▶ [Records shown]:
= Beginning of Section =
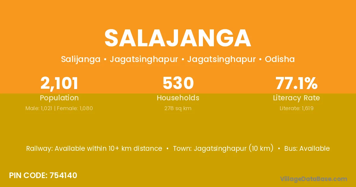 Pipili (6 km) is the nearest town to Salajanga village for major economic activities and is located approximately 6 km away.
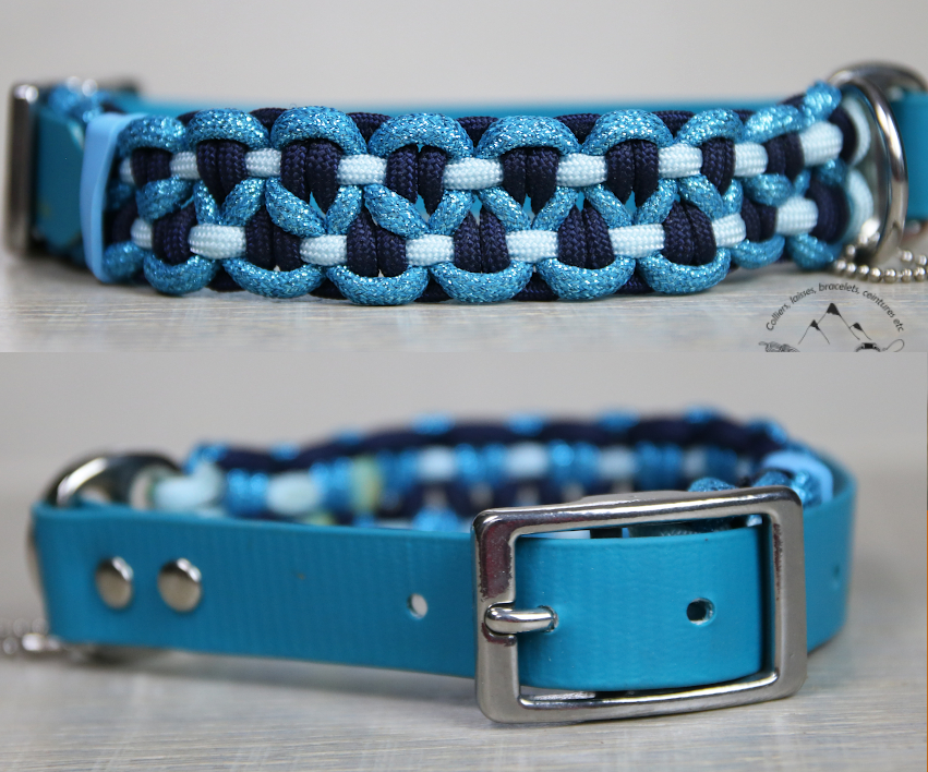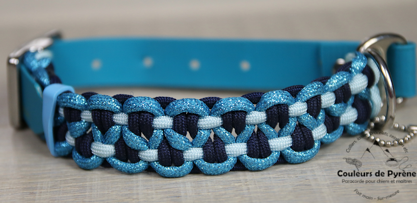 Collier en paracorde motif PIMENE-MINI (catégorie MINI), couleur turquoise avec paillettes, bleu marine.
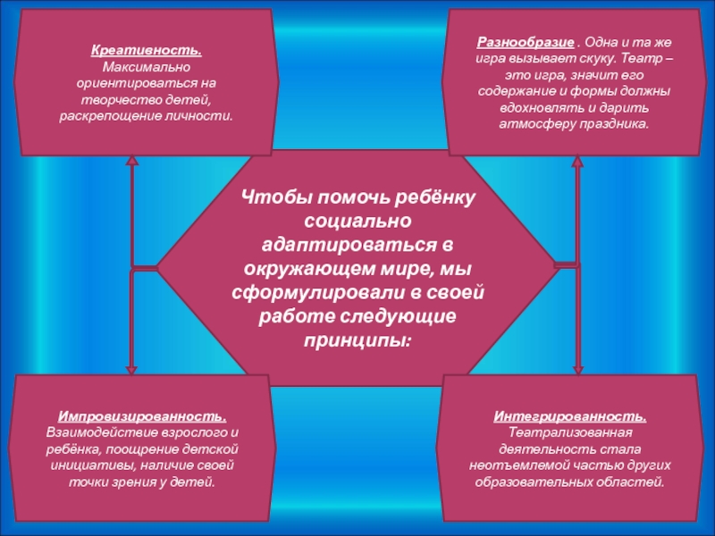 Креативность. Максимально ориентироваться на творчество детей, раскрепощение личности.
= End of Section =
= Beginning of Section =
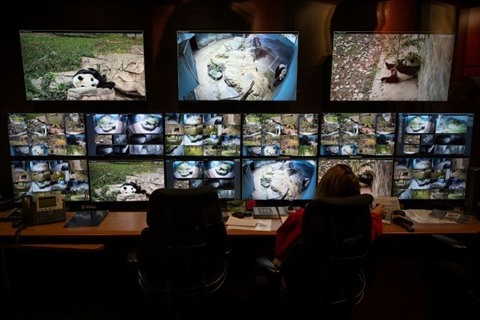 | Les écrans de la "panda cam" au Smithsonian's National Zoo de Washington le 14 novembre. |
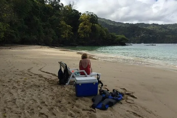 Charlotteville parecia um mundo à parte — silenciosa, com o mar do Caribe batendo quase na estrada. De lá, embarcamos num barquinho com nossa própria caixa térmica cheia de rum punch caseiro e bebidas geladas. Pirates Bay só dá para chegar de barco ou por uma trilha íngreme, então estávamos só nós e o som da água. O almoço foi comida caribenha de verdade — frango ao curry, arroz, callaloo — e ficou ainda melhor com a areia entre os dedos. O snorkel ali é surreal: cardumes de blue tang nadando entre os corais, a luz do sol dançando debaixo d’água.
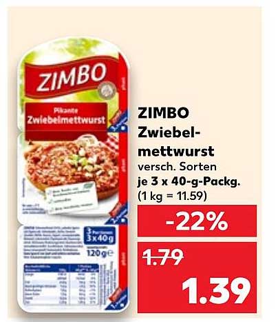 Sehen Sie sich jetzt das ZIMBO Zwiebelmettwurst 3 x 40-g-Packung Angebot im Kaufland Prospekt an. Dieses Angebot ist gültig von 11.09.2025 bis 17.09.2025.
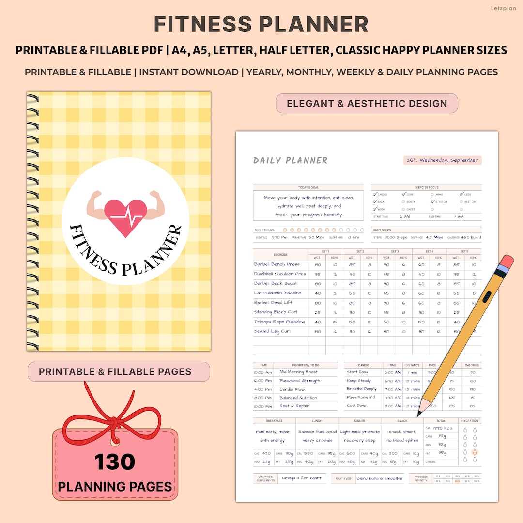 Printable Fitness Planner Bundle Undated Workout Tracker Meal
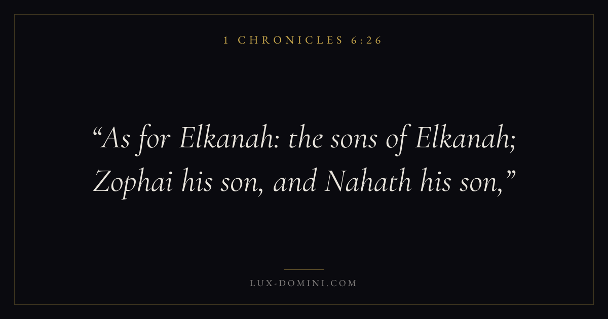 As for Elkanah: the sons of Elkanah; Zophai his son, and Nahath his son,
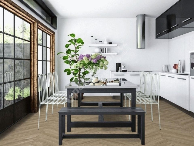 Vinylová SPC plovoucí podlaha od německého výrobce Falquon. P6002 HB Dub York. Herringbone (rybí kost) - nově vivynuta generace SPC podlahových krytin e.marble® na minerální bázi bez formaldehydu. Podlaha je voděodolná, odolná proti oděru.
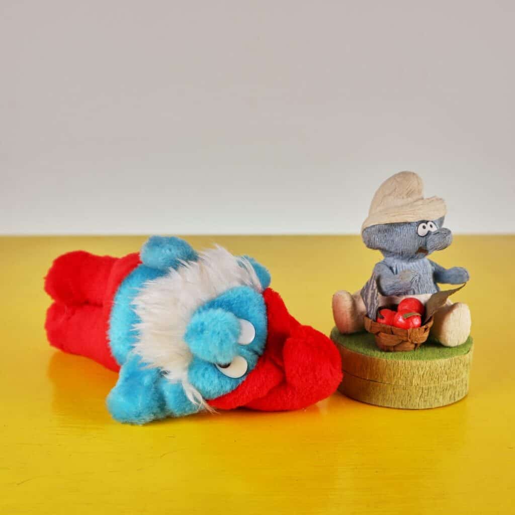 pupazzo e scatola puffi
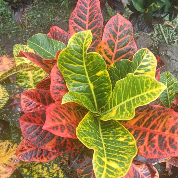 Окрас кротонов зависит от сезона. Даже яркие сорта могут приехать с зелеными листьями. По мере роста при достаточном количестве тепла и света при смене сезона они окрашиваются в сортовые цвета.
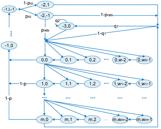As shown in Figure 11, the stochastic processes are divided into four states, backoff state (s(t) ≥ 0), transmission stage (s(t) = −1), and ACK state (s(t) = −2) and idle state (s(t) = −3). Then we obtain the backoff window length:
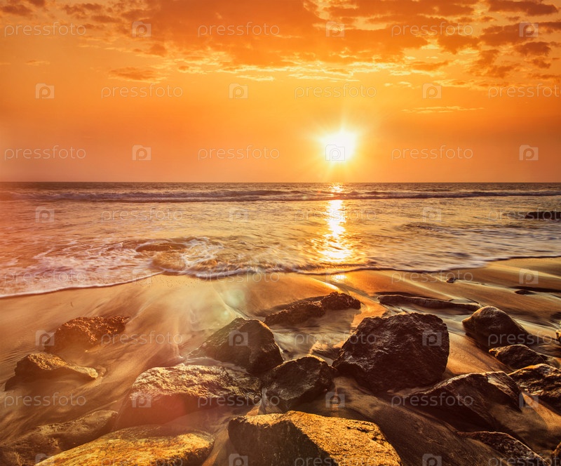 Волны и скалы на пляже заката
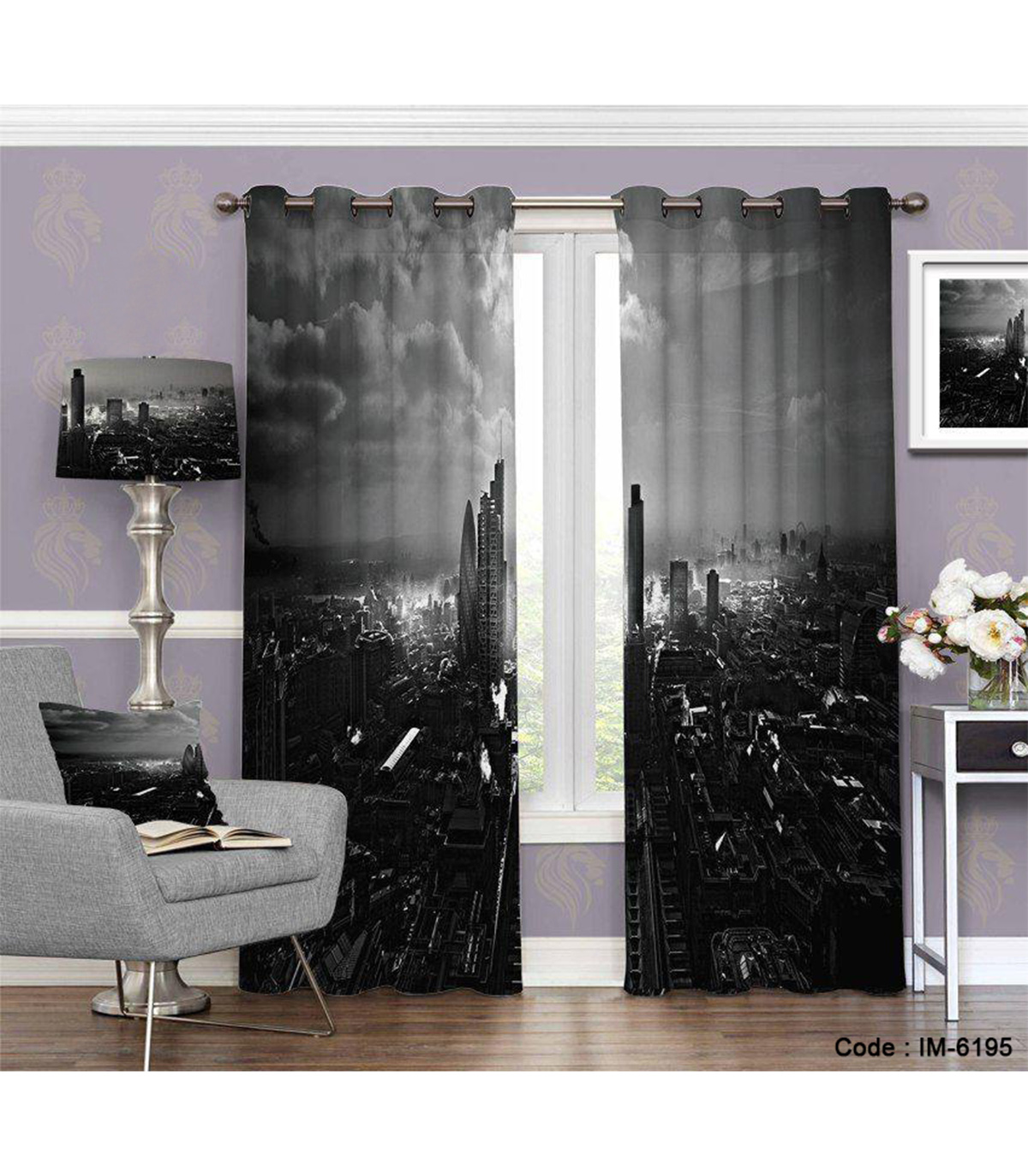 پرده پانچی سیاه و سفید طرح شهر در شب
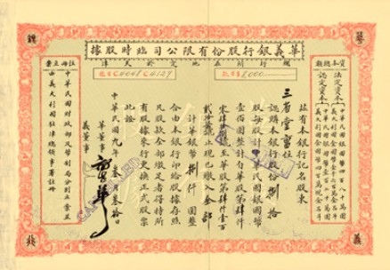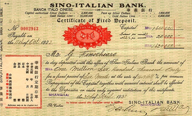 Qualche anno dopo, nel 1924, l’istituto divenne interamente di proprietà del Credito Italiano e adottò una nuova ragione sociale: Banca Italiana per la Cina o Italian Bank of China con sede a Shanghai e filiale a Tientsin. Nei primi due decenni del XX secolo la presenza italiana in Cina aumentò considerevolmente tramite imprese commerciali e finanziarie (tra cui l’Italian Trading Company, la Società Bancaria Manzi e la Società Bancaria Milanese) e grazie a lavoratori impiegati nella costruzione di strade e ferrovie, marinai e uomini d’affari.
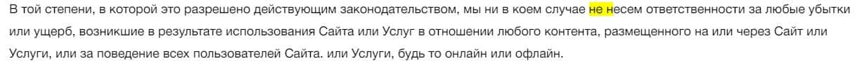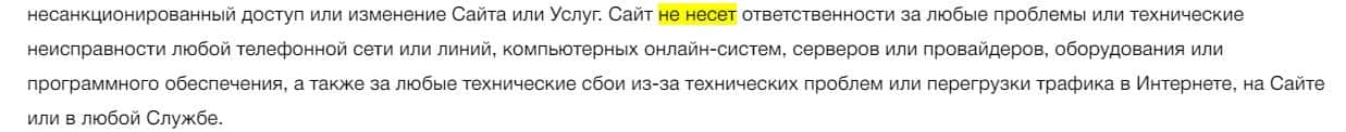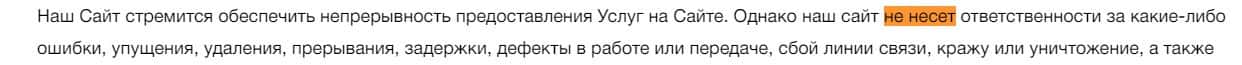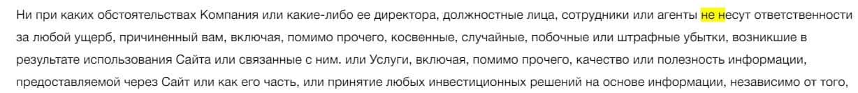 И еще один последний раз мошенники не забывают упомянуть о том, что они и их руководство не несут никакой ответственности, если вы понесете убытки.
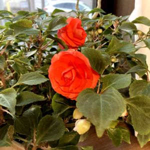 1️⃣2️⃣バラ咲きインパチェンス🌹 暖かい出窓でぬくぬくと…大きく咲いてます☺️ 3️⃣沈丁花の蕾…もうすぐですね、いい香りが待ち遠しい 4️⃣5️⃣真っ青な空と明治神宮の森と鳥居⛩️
= End of Section =
▶ [Exercise prompt]: Restate word for word the lines of the data above that begin at the line with "Pipili (6 km)" and end at the line with "Креативность. Максимально ориентироваться", keeping both ends and dropping every picture.

▶ [Answer to this exercise]:
 Pipili (6 km) is the nearest town to Salajanga village for major economic activities and is located approximately 6 km away.
 Collier en paracorde motif PIMENE-MINI (catégorie MINI), couleur turquoise avec paillettes, bleu marine.
 Креативность. Максимально ориентироваться на творчество детей, раскрепощение личности.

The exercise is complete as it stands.